> [EXERCISE]
Taking the line that contains "さらに、C70はハンドルグリ" as the start and the last line of the data as the end, repeat exactly every line in that span, but no pictures.

> [INFORMATION PROVIDED]
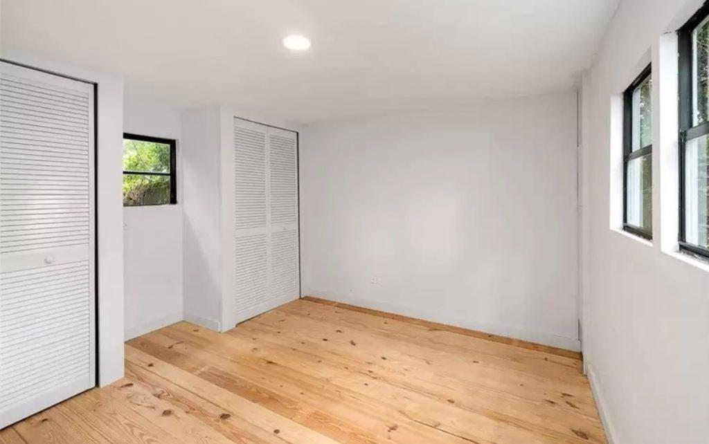 Bedrooms in vintage mobile homes are never very roomy. However, this home does include double closets and a nice space between them for a chest.
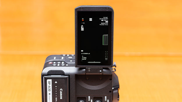 さらに、C70はハンドルグリップ側にネジ穴を設けておりまして、L字型のリグなしで縦撮りが可能です。本体を縦にするとOSDも90°回転して作業しづらくなるのですが、C70ではOSDを90°または270°ローテートする機能を搭載しています。縦の状態でも画面と周辺情報をきちんと確認しならが、撮影を可能にしています。
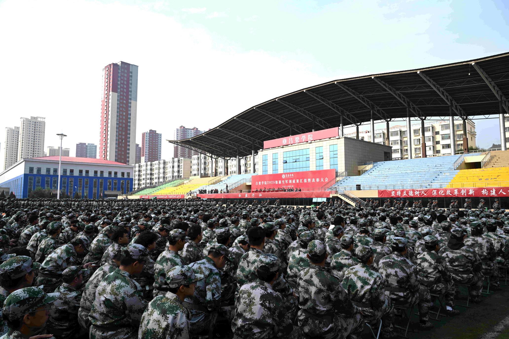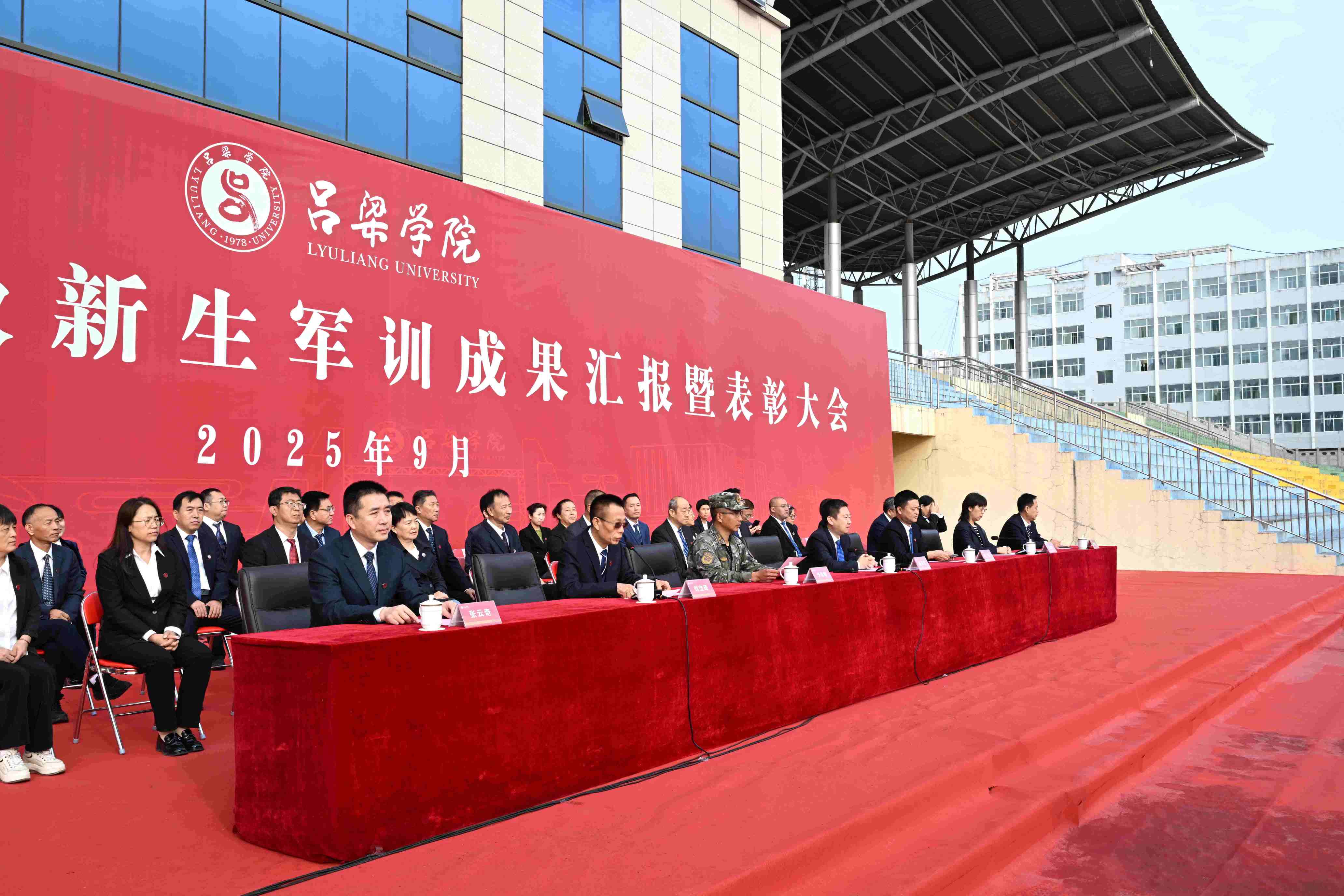9月29日,bat365在田径场举行2025级新生军训成果汇报暨表彰大会。党委书记薛晋文,党委副书记、校长铁军,校领导张雪航、王枝胜、张云奇出席会议,党委常委、副校长刘宝琦主持会议。承训部队首长及教官、党政职能部门负责人、各院系党总支书记、主任,党总支副书记、分团委书记、新生辅导员、2025级全体新生参加会议。

> [EXPECTED OUTPUT]
 さらに、C70はハンドルグリップ側にネジ穴を設けておりまして、L字型のリグなしで縦撮りが可能です。本体を縦にするとOSDも90°回転して作業しづらくなるのですが、C70ではOSDを90°または270°ローテートする機能を搭載しています。縦の状態でも画面と周辺情報をきちんと確認しならが、撮影を可能にしています。
9月29日,bat365在田径场举行2025级新生军训成果汇报暨表彰大会。党委书记薛晋文,党委副书记、校长铁军,校领导张雪航、王枝胜、张云奇出席会议,党委常委、副校长刘宝琦主持会议。承训部队首长及教官、党政职能部门负责人、各院系党总支书记、主任,党总支副书记、分团委书记、新生辅导员、2025级全体新生参加会议。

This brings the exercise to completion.